2. Only offer things that cost a tiny fraction of what people pledge, if anything.
It doesn’t make sense to offer stickers, for example, to everyone who pledges $1. It might make sense at $10.
3. Be ready to wait forever for payment…and not get as much as you thought.
Receiving payment once the campaign is over takes weeks. Kickstarter takes its cut, but you will also get some declined payments from people who pledged but then either rescinded or something went wrong with their credit card. Set expectations accordingly.
4. Your best times will be the beginning and end.
Prepare to make big pushes accordingly, and brainstorm creative ways to maintain some momentum during the middle phases.
5. Send regular updates to your pledgers.

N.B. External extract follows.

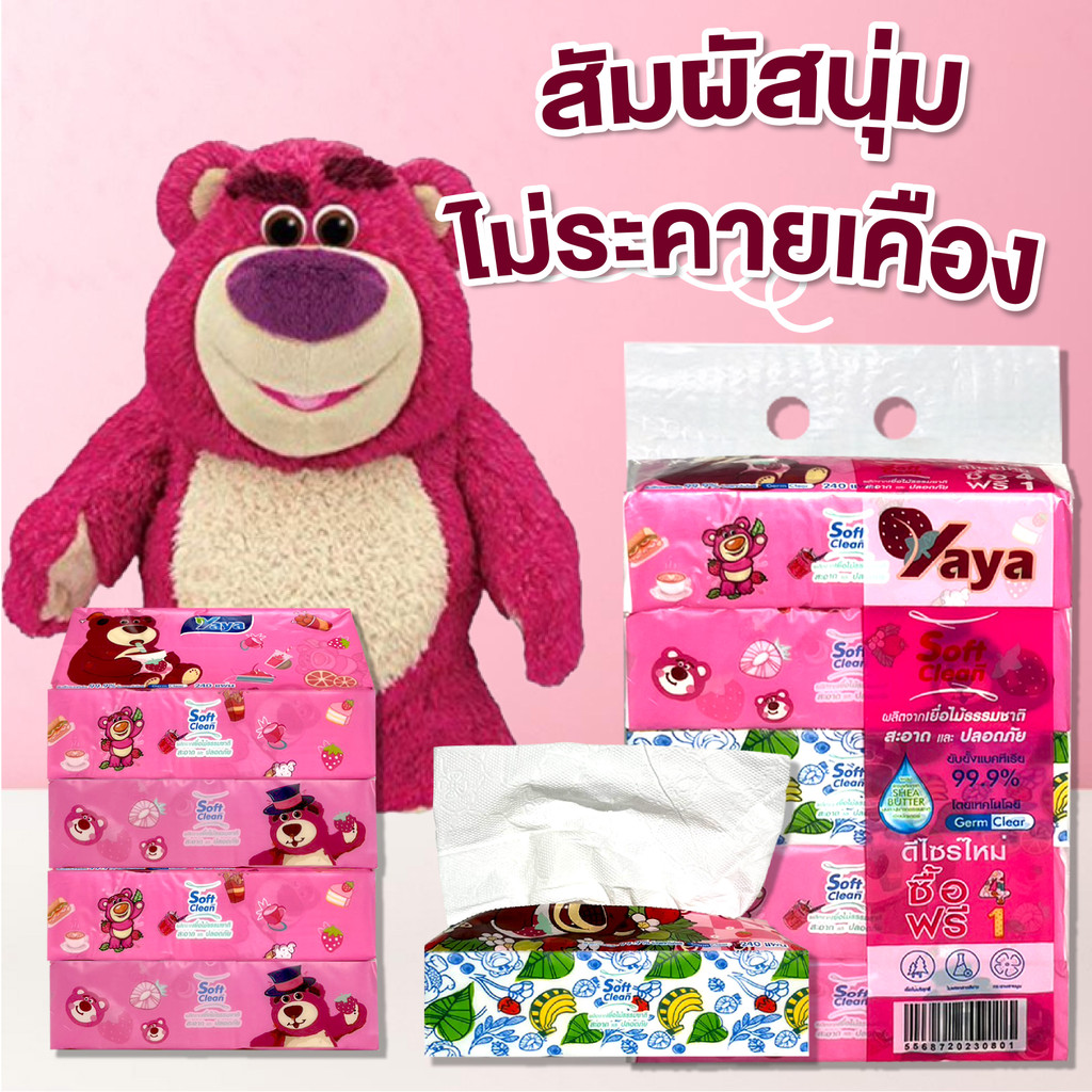 1หิ้ว/5ห่อ ทิชชู่ ทำความสะอาดกระดาษ ลายหมีน้อย กระดาษทิชชู่ เพิ่มความหนา 3 ชั้น เหนียว ไม่ขาดง่าย ไร้ฝุ่น 240แผ่น

At least once per week, let them know how things are going. These people can be your evangelists and, if properly motivated, are often in a position to easily increase their pledge amounts. People love getting updates.
6. Line up some ringers.
If you have a close personal friend who wants to pledge a large dollar amount to you (say, $500 or $1000), have them hold off until you know whether they really need to boost the Kickstarter campaign. Ideally, they could circumvent Kickstarter and give you the money directly—but if you need them to get the campaign funded, they can be at the ready.
7. Look at other successful campaigns.
I learned a ton by finding other campaigns that were similar to mine, though I couldn’t count on any of them for a comprehensive strategy.
Have you crowdfunded a coworking space or project? What was your experience?